> _Activity_
Output exactly the lines from the line that has "Магниты Xhigh предназначены" through the last line of the data below, with no pictures.
━━━ Records for this exercise
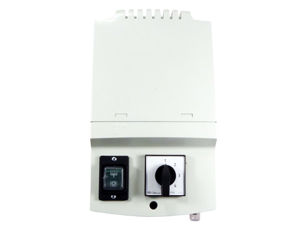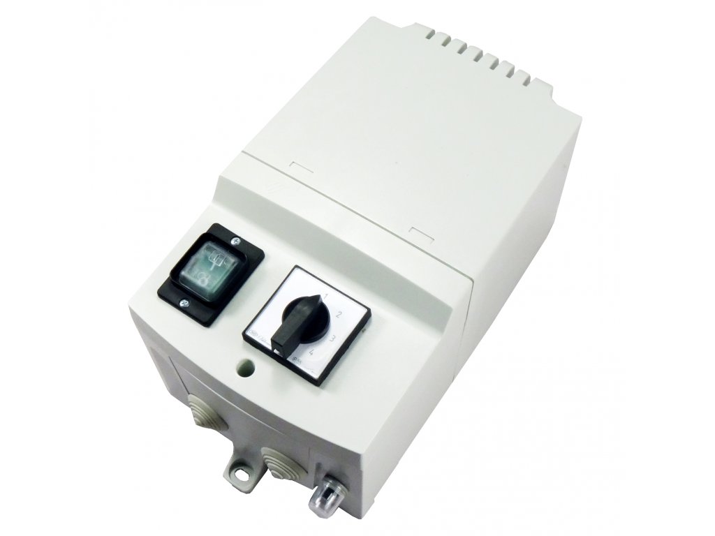 Jednofázový transformátorový regulátor otáček vhodný pro jednofázové motory ventilátorů řízených jmenovitým proudem 14,0 A. Svým využitím je předurčen pro montáž v průmyslových ventilačních systémech nebo topných zařízení. Regulátor otáček je vybaven pětistupňovou regulací pomocí kolečka, které je umístěno na předním panelu zařízení. Dále je vybaven samostatným tlačítkem pro světelnou signalizaci zapojení.
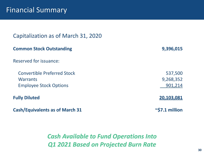 Financial Summary Capitalization as of March 31, 2020 Common Stock Outstanding 9,396,015 Reserved for issuance: Convertible Preferred Stock 537,500 Warrants 9,268,352 Employee Stock Options 901,214 Fully Diluted 20,103,081 Cash/Equivalents as of March 31 ~$7.1 million 30 Cash Available to Fund Operations Into Q1 2021 Based on Projected Burn Rate
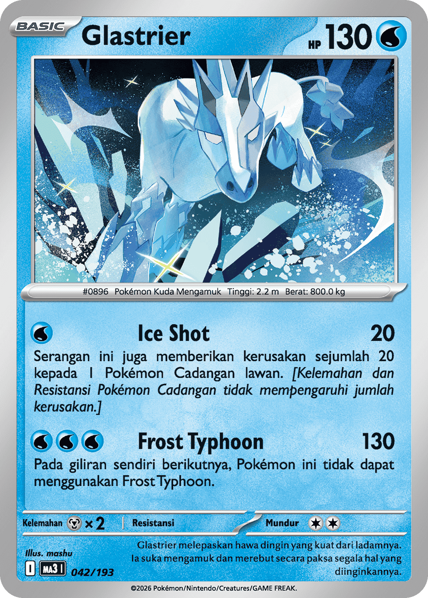 Glastrier melepaskan hawa dingin yang kuat dari ladamnya. Ia suka mengamuk dan merebut secara paksa segala hal yang diinginkannya.
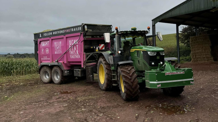 Devon farming and contracting business BG Pearce has commissioned a one-off, pink Ktwo trailer with a QR code and various slogans to raise money for Cancer Research UK.
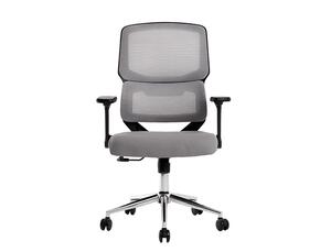Fauteuil ergonomique avec un dossier en 2 parties, mobile, pour un confort unique. Assise en mousse et dossier en maille. Réglage en hauteur de l'assise par piston à gaz. Dossier inclinable et blocable. Accoudoirs 3D en nylon réglables en hauteur, profondeur et largeur. Soutien lombaire indépendant et ajustable. Base en métal chromé. 5 roues en nylon Ø 6 cm. Recommandé pour une utilisation journalière de 8h. Dimensions totales : largeur 700 mm x profondeur 650 mm x hauteur 1010 à 1090 mm. Dimensions utiles : profondeur siège 530 mm x hauteur dossier 630 mm. Poids maximum : 110 kg. Poids du siège : 12 kg.
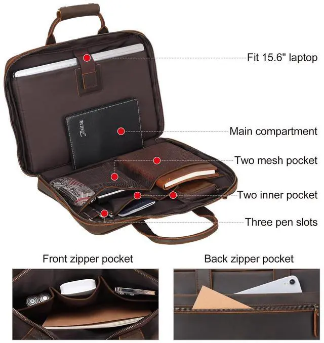 Structure: 1 front zipper pocket with 3 inner pouches; 1 middle main compartment with 15.6 inch /16" laptop fasten sleeve, 2 inner mesh pouches, 2 x inner pockets, 3 pen slots; 1 x back pocket (contains 1 key chain) with magnetic closure, and 1 back zipper pocket. The crossbody bag is roomy to store 15.6 or 16 inch laptop, A4 files, cell phone, keys and wallet, cards, pens, tablet, and other business things. ^^ Purchase with ConfidenceOne year quality commitment since you buy the mens laptop briefcase, if you have any questions or concern, please reach us, we will work to resolve the issues for you. This mens leather work bag can be a present choice for birthday, anniversary, Valentine's day, father's day, Christmas for men.
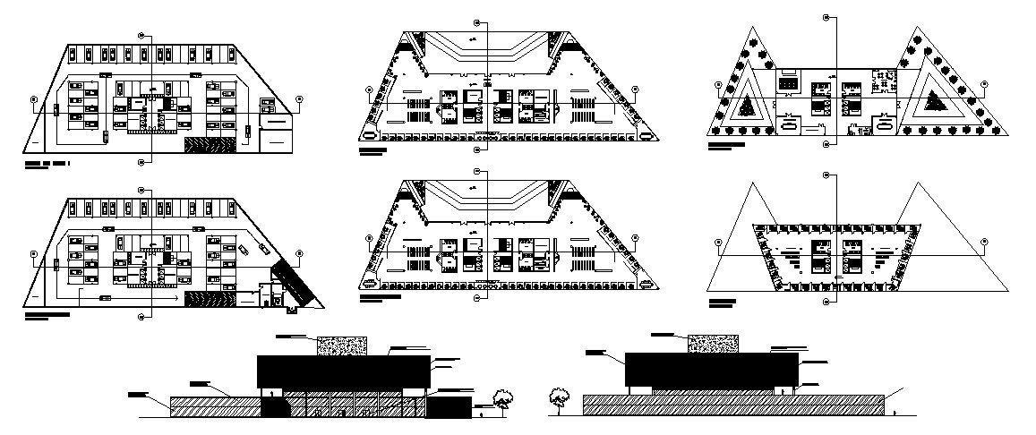 Corporate office building elevation and floor plan cad drawing details dwg file
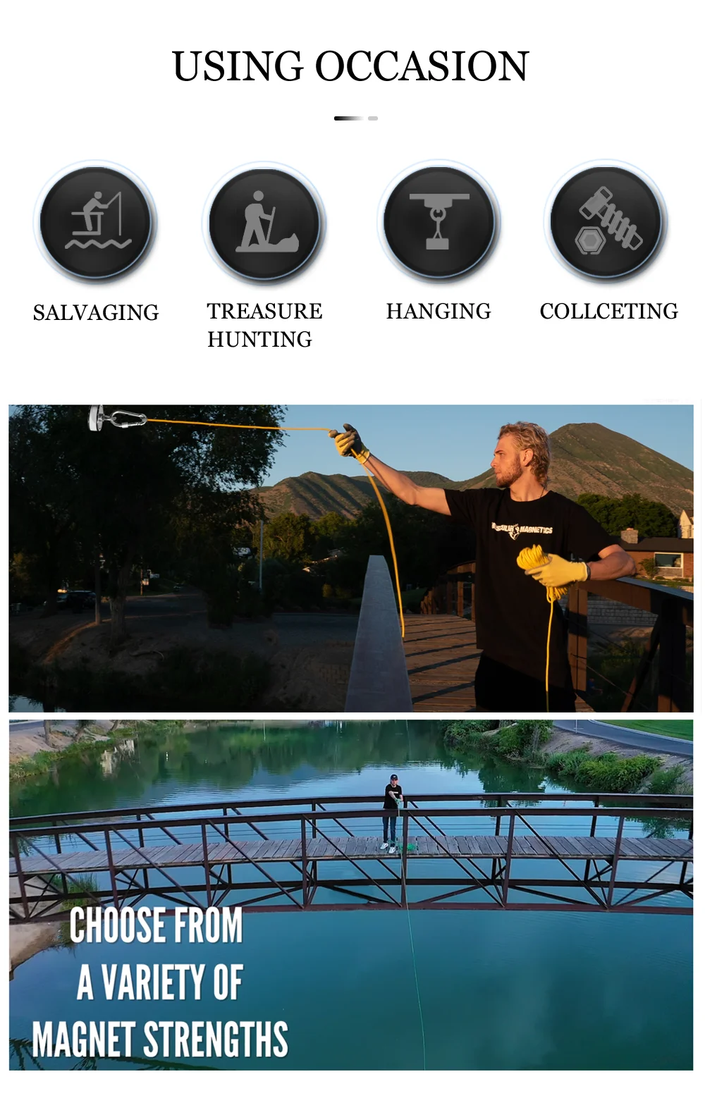 Магниты Xhigh предназначены для тяжелых и подводных работ. Это может помочь вернуть утерянное оборудование, инструменты, рыболовные снасти и другие железные предметы в глубоководных водах, колодцах, отверстиях. Он также отлично подходит для магнитной рыбалки, подъема, подвешивания и извлечения.
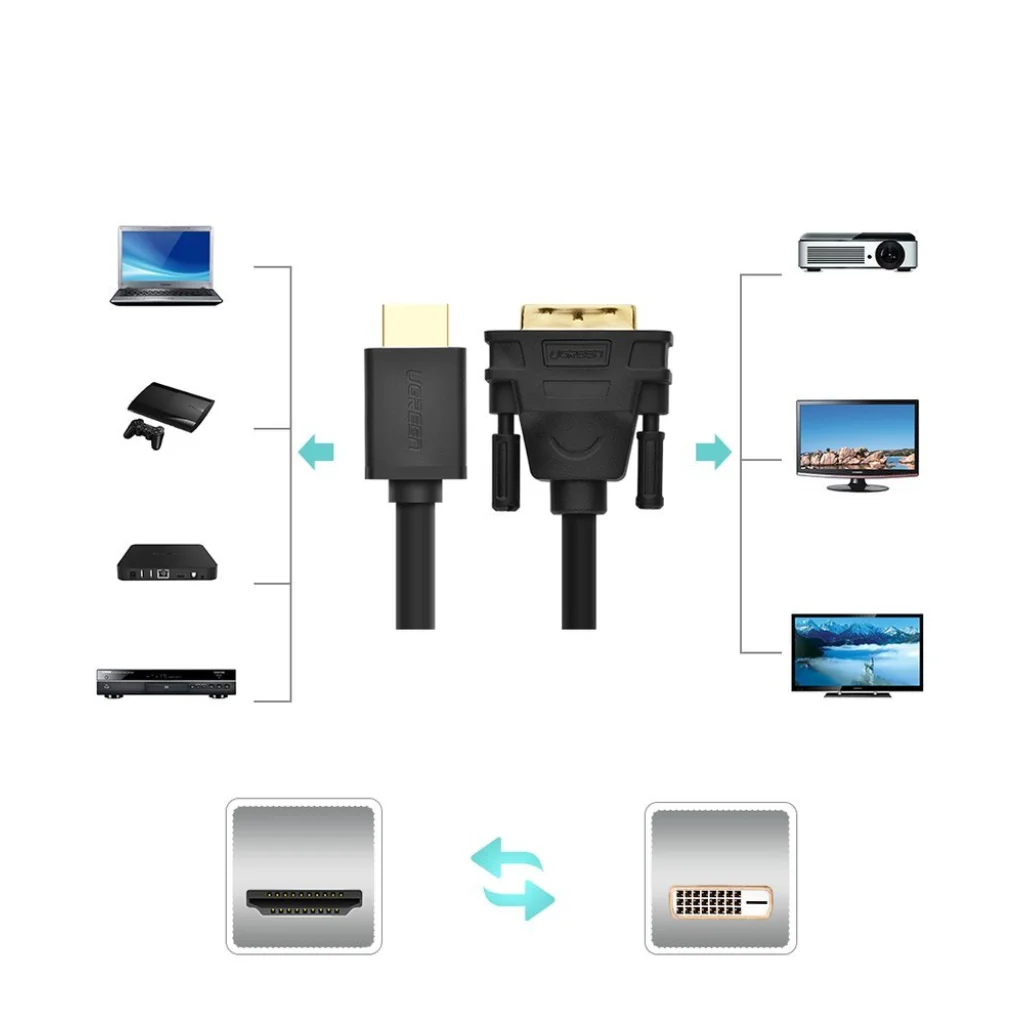 - Vagy egy HDMI aljzattal rendelkező forrást csatlakoztatunk egy DVI aljzatú kijelzőhöz vagy
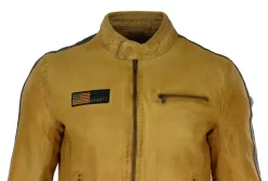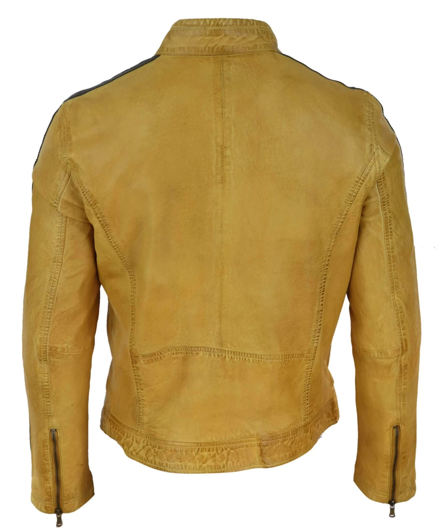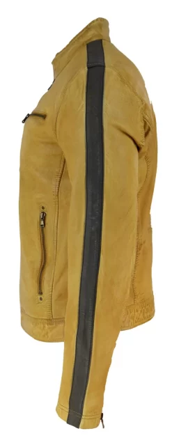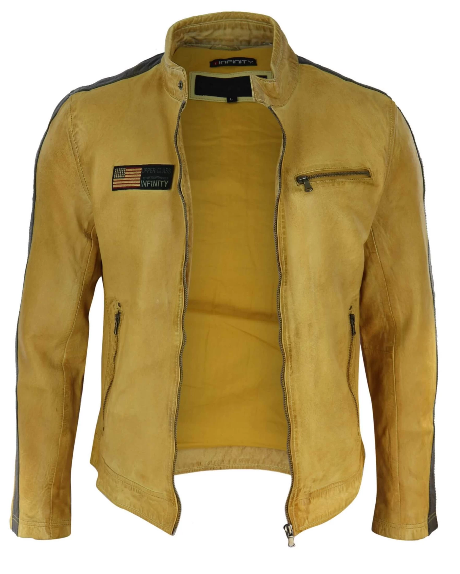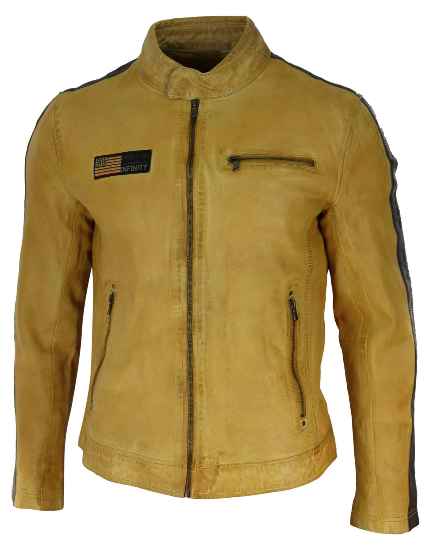 Menโs Real Leather Biker Racing Jacket Stripes Zip Retro Casual Yellow Short
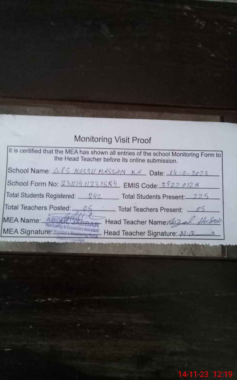 | EMIS Code: 39220128 | Name of School: GPS HASSU HASSAN KA | |||
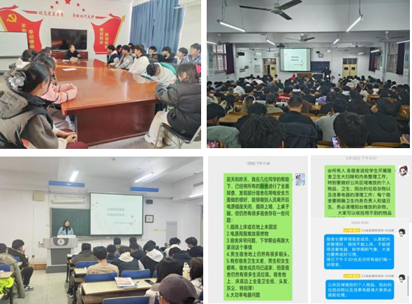 学院副书记张丽娜带领辅导员团队和宿舍长提前部署,在2024年秋季学期末深入宿舍排查安全隐患,并通过年级群动员学生利用假期规划宿舍卫生。开学后,辅导员组织班会,结合案例讲解卫生差和安全隐患的危害,增强学生整改意识。张丽娜副书记亲自带领学生整理内务,以行动引导学生重视环境整洁,激发参与积极性。通过线上线下结合的方式,为后续工作奠定坚实基础。
━━━━━━
> _Solution_
 Магниты Xhigh предназначены для тяжелых и подводных работ. Это может помочь вернуть утерянное оборудование, инструменты, рыболовные снасти и другие железные предметы в глубоководных водах, колодцах, отверстиях. Он также отлично подходит для магнитной рыбалки, подъема, подвешивания и извлечения.
 - Vagy egy HDMI aljzattal rendelkező forrást csatlakoztatunk egy DVI aljzatú kijelzőhöz vagy
 Menโs Real Leather Biker Racing Jacket Stripes Zip Retro Casual Yellow Short
 | EMIS Code: 39220128 | Name of School: GPS HASSU HASSAN KA | |||
 学院副书记张丽娜带领辅导员团队和宿舍长提前部署,在2024年秋季学期末深入宿舍排查安全隐患,并通过年级群动员学生利用假期规划宿舍卫生。开学后,辅导员组织班会,结合案例讲解卫生差和安全隐患的危害,增强学生整改意识。张丽娜副书记亲自带领学生整理内务,以行动引导学生重视环境整洁,激发参与积极性。通过线上线下结合的方式,为后续工作奠定坚实基础。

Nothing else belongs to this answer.